But second-year implementation hinges on 2018-19 city budget awaiting approval in the spring; official says report is 'a status quo update'

Beaverton city officials say they remain committed toward more housing that is affordable for all individuals and families.

But the latest version of the city's five-year action plan, which the city council approved Tuesday night (Jan. 2), hinges on additional money in the next city budget up for approval in the spring.

Development Division Manager Cadence Petros, who presented the report, called it "essentially a status quo update."

The council is continuing a series of housing talks — the next one is scheduled Jan. 23 — that will conclude in the spring.

"The mayor and city council are currently considering options for expanding housing activities to create a more robust housing program," the report says.

"This action plan … does not include the additional funding such a program would entail."

The city did boost its spending from $1.2 million in 2015-16 to $5.4 million in the budget year that ended in mid-2017. The latter counts a $3 million write-down for land for Rise Central, a mixed-use development with a total of 230 units plus office space underway at the site of the former Westgate theater.

Budgeted spending in the current year is $1.1 million, including a severe weather shelter now in its second year. The first year the shelter was available for three months, and was open 21 nights; this year, availability is five months.

Planning is continuing for an all-year family shelter that would house up to 14 people.

Beaverton's plan dovetails with Washington County's plan to reduce homelessness, although the county spends relatively little on emergency shelters.

"We can all agree no one should be living on our streets and we need to do all we can to get people on a path to housing stability," Mayor Denny Doyle said in the report.

Permanent housing

The city plan calls for 6,600 new homes by 2035 deemed "affordable" — under federal guidelines, costing no more than 30 percent of gross household income — of more than 12,000 projected for need. According to the report, Beaverton had a total of 41,763 in 2016.

Of the 230 planned in Rise Central, 215 will be at market rate and 15 are deemed "affordable."

Petros said financing has been arranged for preservation of 59 apartments in Fircrest Manor, and newly opened Bridge Meadows offers 32 apartments for older people and nine for families with foster children.

She also said city staff meet regularly to review housing issues.

"With that coordinated effort we had a few successes," she said.

The city also is scheduled this summer to complete a study, funded in December 2016 by a $100,000 grant from Metro, to compile an inventory of "affordable" but unregulated rentals and the best ways of preserving them.
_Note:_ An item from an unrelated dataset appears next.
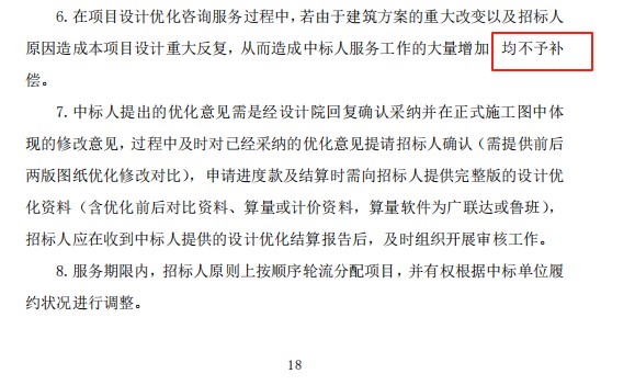 答:此次招标内容包括结果优化和过程优化,本合同为框架合同;待中标后,招标人再根据委托项目实际情况,确定采用过程优化或结果优化。设计优化工期要求1修改为:“采用过程优化的项目,乙方的设计优化应与设计单位的设计进度同步进行”;要求2修改为:“采用结果优化的项目,在设计院设计完成后,乙方可根据甲方书面要求或乙方向甲方提出优化申请并得到甲方的确认后对设计图纸进行设计优化”。
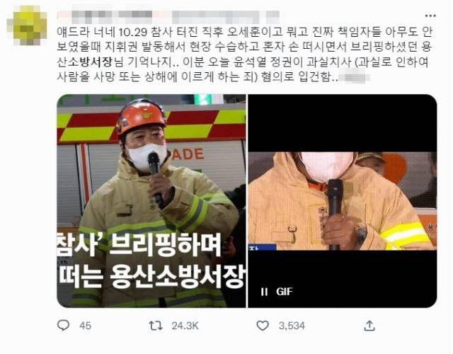 이 같은 소식이 전해지자 누리꾼들은 공분했다. 트위터 실시간 트렌드에는 ‘소방서장’이라는 키워드가 오르내렸고 온라인 커뮤니티와 SNS에는 관련 소식이 빠르게 퍼지며 “납득할 수 없는 상황”이라는 비난이 쏟아졌다. 많은 이들은 참사 당시 브리핑을 하던 최 서장의 모습을 떠올리며 “표창을 줘도 모자랄 판에 피의자 신분으로 입건됐다는 것은 말이 안 된다” “놀다 늦은 것도 아니고 머리 출혈 환자를 이송하다 늦은 건데 과실치사라니 황당하다” “전형적인 꼬리 자르기다” “최 서장에게 뒤집어씌우기 하는 거냐” 등의 비판이 이어졌다.

"We must make sure that market pressures do not create so much of an incentive to make that (housing) less affordable as time goes on," Petros said.

At the close of the meeting, Councilor Betty Bode appeared in a video to talk about housing and other issues. Bode has already announced she will leave office this year when her fourth term ends.

She called for the "creative" use of public spaces to offer people shelter.

"They have no place to go, yet they still call Beaverton home. It's the same place I call home," she said.

"I have never believed … this is the time to hide the poor. This is not the time to hide the sick. This is the time to stand up and be creative and say yes, we can.

"Give them a roof, not a cold truck or a cold car."